I have two simple indexes:
First, 01.conf:
searchd
{
listen = 9301
listen = 9401:mysql41
pid_file = /var/run/sphinxsearch/searchd01.pid
log = /var/log/sphinxsearch/searchd01.log
query_log = /var/log/sphinxsearch/query01.log
binlog_path = /var/lib/sphinxsearch/data/test/01
}
source base
{
type = mysql
sql_host = localhost
sql_db = test
sql_user = root
sql_pass = toor
sql_query_pre = SET NAMES utf8
sql_attr_uint = group_id
}
source test : base
{
sql_query = \
SELECT id, group_id, UNIX_TIMESTAMP(date_added) AS date_added, title, content \
FROM documents WHERE id % 2 = 0
}
index test
{
source = test
path = /var/lib/sphinxsearch/data/test/01
}
Second looks like first but with "02" instead "01" in filename and inside.

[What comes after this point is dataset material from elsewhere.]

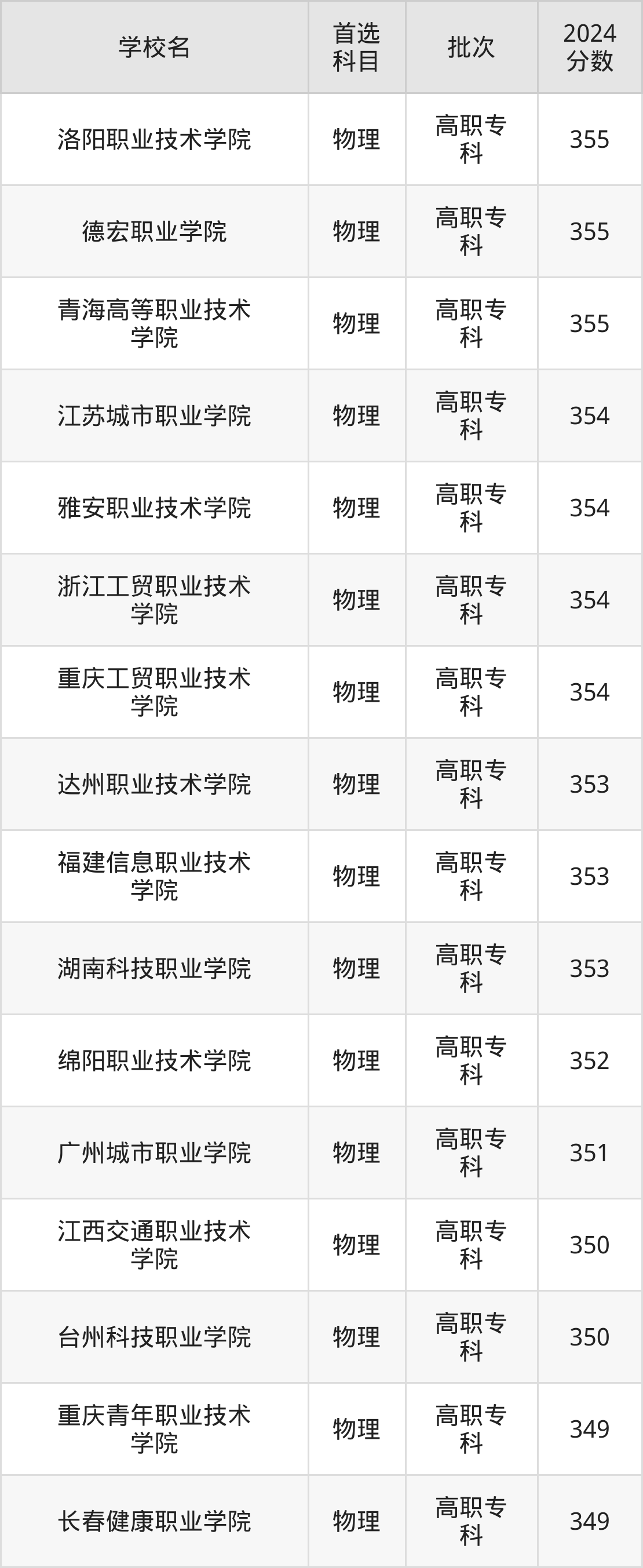 3、台州科技职业学院(2024年物理类350分)

And distributed index in 00.conf:
searchd
{
listen = 9305
listen = 9405:mysql41
pid_file = /var/run/sphinxsearch/searchd00.pid
log = /var/log/sphinxsearch/searchd00.log
query_log = /var/log/sphinxsearch/query00.log
binlog_path = /var/lib/sphinxsearch/data/test
}
index test
{
type = distributed
agent = 127.0.0.1:9301:test
agent = 127.0.0.1:9302:test
}
And I try to use distributed index:
sudo searchd --config /etc/sphinxsearch/d/00.conf --stop
sudo searchd --config /etc/sphinxsearch/d/01.conf --stop
sudo searchd --config /etc/sphinxsearch/d/02.conf --stop
sudo searchd --config /etc/sphinxsearch/d/01.conf
sudo searchd --config /etc/sphinxsearch/d/02.conf
sudo indexer --all --rotate --config /etc/sphinxsearch/d/01.conf
sudo indexer --all --rotate --config /etc/sphinxsearch/d/02.conf
sudo searchd --config /etc/sphinxsearch/d/00.conf
Unfortunately I obtain next output:
...
using config file '/etc/sphinxsearch/d/00.conf'...

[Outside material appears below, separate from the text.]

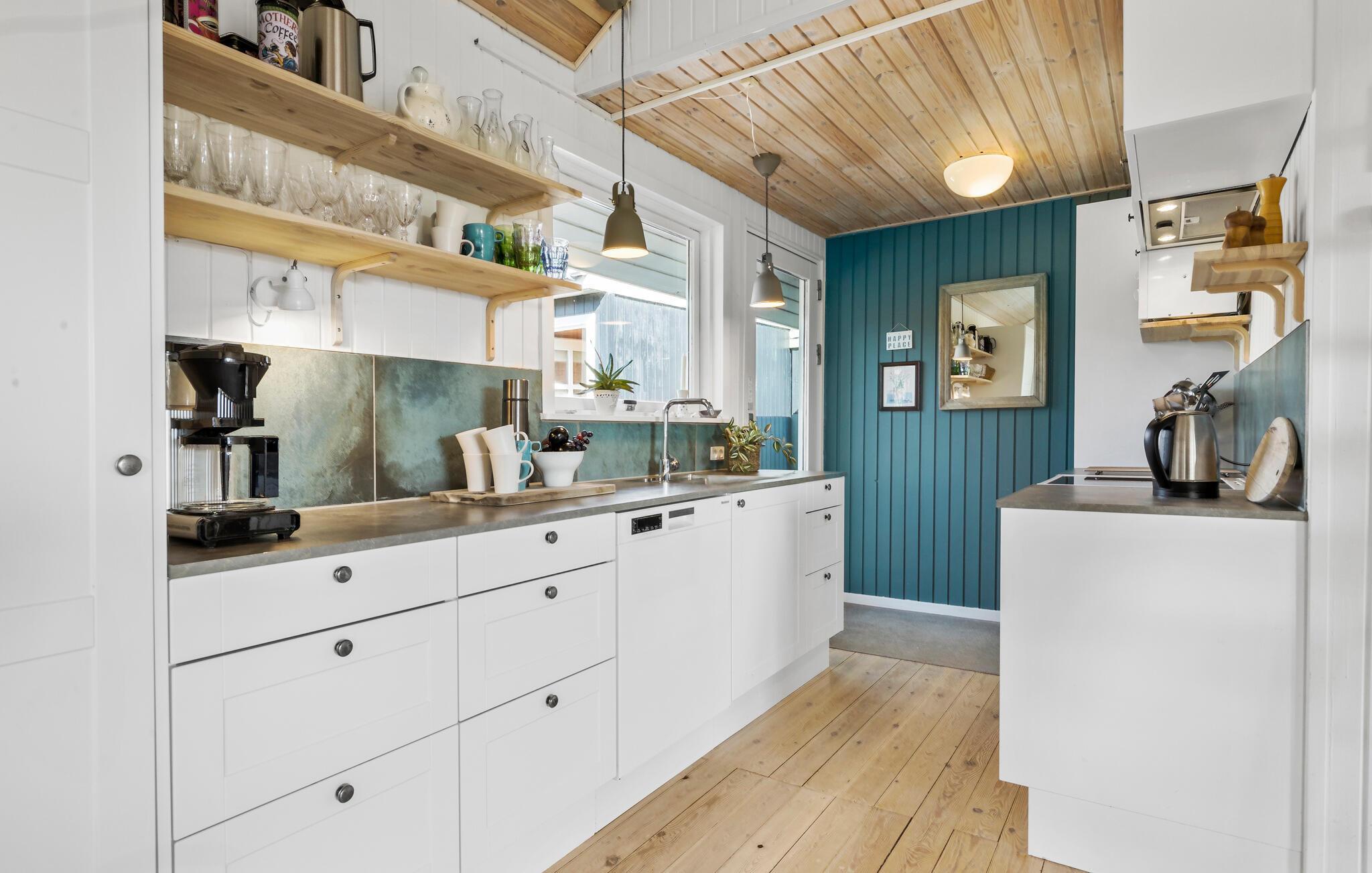 Der er lagt op til nogle herlige feriedage i dette sommerhus, som er noget særligt med sin hyggelige atmosfære og naturskønne beliggenhed. Begynd dagene med en solid morgenmad ved spisebordet, mens I nyder udsigten over den velholdte have. Bagefter kan I finde jer til rette i den behagelige sofa eller lave maden sammen i det åbne køkken, der glider harmonisk over i opholdsstuen. Der er lys, luft og flotte indretningsdetaljer i boligen, så her er der gode rammer til slappe af.

listening on all interfaces, port=9305
listening on all interfaces, port=9405
precached 0 indexes in 0.000 sec
Why?
And when I try to search something with distributed index (9305):
no enabled local indexes to search.
And mysql indexes are works perfectly if I use them with port 9301 and 9302 respectively. But searching in distributed index returns nothing.
UPDATE
# tail /var/log/sphinxsearch/searchd00.log
[Thu Sep 29 23:43:04.599 2016] [ 2353] binlog: finished replaying /var/lib/sphinxsearch/data/test/binlog.001; 0.0 MB in 0.000 sec
[Thu Sep 29 23:43:04.599 2016] [ 2353] binlog: finished replaying total 4 in 0.000 sec
[Thu Sep 29 23:43:04.599 2016] [ 2353] accepting connections
[Thu Sep 29 23:43:24.336 2016] [ 2353] caught SIGTERM, shutting down
[Thu Sep 29 23:43:24.472 2016] [ 2353] shutdown complete
[Thu Sep 29 23:43:24.473 2016] [ 2352] watchdog: main process 2353 exited cleanly (exit code 0), shutting down
[Thu Sep 29 23:43:24.634 2016] [ 2404] watchdog: main process 2405 forked ok
[Thu Sep 29 23:43:24.635 2016] [ 2405] listening on all interfaces, port=9305
[Thu Sep 29 23:43:24.635 2016] [ 2405] listening on all interfaces, port=9405
[Thu Sep 29 23:43:24.636 2016] [ 2405] accepting connections
UPDATE2
Hmm... It seems what problem in querying data from Sphinx. Also I renamed distributed index into test1. Next code works well.
# mysql -h 127.0.0.1 -P 9405
mysql> select * from test1 where match ('one|two');
+------+----------+
| id | group_id |
+------+----------+
| 1 | 1 |
| 2 | 1 |
+------+----------+
2 rows in set (0,00 sec)
I think what problem was in old version of sphinxapi.php what I used.
precached 0 indexes in 0.000 sec
Well that it self, is normal. There are no local indexes to 'precache'. A distributed index has no index files to 'load' or (pre)cache.
... but searchd should still be running at the end of that. I think searchd should start up ok.
Try also checking
/var/log/sphinxsearch/searchd00.log
might have some more.
Although I suppose its possible sphinx will not startup without any real indexes (ie cant have JUST distributed index), so could just add a fake index to that config.